Marcus Luttrell, the former Navy SEAL whose deadly mission in Afghanistan has been turned into the film “Lone Survivor,” strides into a hotel room for an interview, trailed by his service dog, Mr. Rigby.

The tall, hulking, goateed Navy Cross recipient greets a journalist with a rock-hard grip, and nods to director Peter Berg and star Mark Wahlberg, who plays him in the film. This is clearly not what he wants to be doing.

Based on Luttrell’s best-selling 2007 memoir, “Lone Survivor” is about a 2005 four-man operation in northeastern Afghanistan’s Kunar province that fell apart when a trio of goat herders stumbled upon the staked-out SEALs.

“Lone Survivor,” is the latest in a series of films that pays tribute to the Navy’s special forces: In messy, uncertain wars, they’re elite practitioners of precision. In the era of the superhero film, the Navy SEALs have inspired filmmakers as the genuine article.

Luttrell would rather not talk about any of it.

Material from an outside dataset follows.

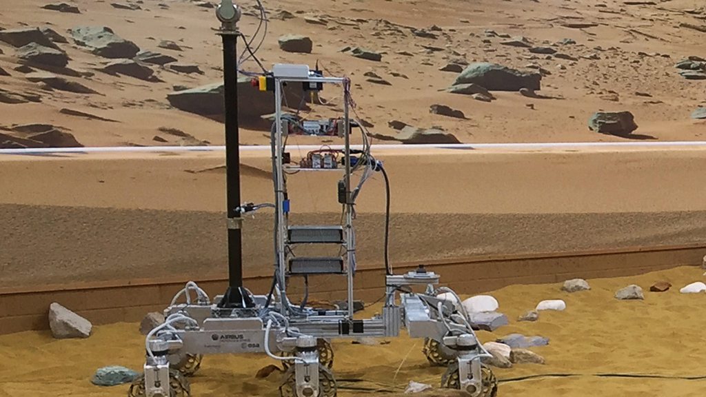 Prototype Mars Rover, Brian, driving round his almost Martian home in the UK’s Mars Yard. Presenter Marnie Chesterton finds out from spacecraft structures engineer Abbie Hutty. Photo: The Mars Rover Credit: BBC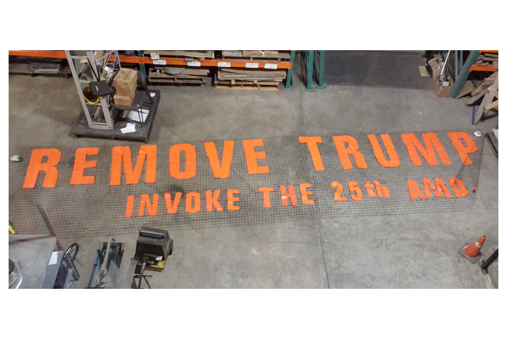 Members of Vashon’s Backbone Campaign activist group had brought their message to locations across the area, beginning early last Thursday morning to raise a banner over the Yesler Way overpass calling for the 25th amendment to remove the president for his part in invoking the mob. The banner is seen above in the group’s workshop on the island.

He went along with “Lone Survivor” and wrote the book at the urging of his superiors. Compared to the actual events, the movie is no traumatic experience for Luttrell.

“I went through it in real life, so a movie about it isn’t going to affect me in any way,” says the 38-year-old Texan.

Hollywood and the American military are worlds apart. But “Lone Survivor” is a uniquely close collaboration, one in which Berg and Wahlberg (both producers) worked under significant pressure from the families of those who died and active-duty SEALs to faithfully render the soldiers’ lives, in battle and in brotherhood.

Over the years, SEALs have been played by the likes of Bruce Willis, Steven Seagal and Demi Moore, and been a mainstay in video games. But the movies, often in close consultation with the military, have come a long way since 1990’s “Navy SEALs,” with Charlie Sheen.

2012’s “Act of Valor” was acted out by active-duty SEALs and used live-ammo sequences to portray a fictional covert mission. Kathryn Bigelow’s “Zero Dark Thirty” dramatized the most famous SEAL mission, the raid in Abbottabad that killed Osama bin Laden.

Such productions, though, have given rise to questions of accuracy and charges of propaganda.

U.S. senators claimed that too much information was shared with the filmmakers of “Zero Dark Thirty,” and many criticized the film for suggesting torture aided the hunt for bin Laden.

But the military sees in the movies a chance to shape its image and insure some degree of authenticity in depictions of its service men and women. “Lone Survivor” has largely drawn praise as a brutal ode to Navy SEALs and a faithful depiction of the moral confusion of combat.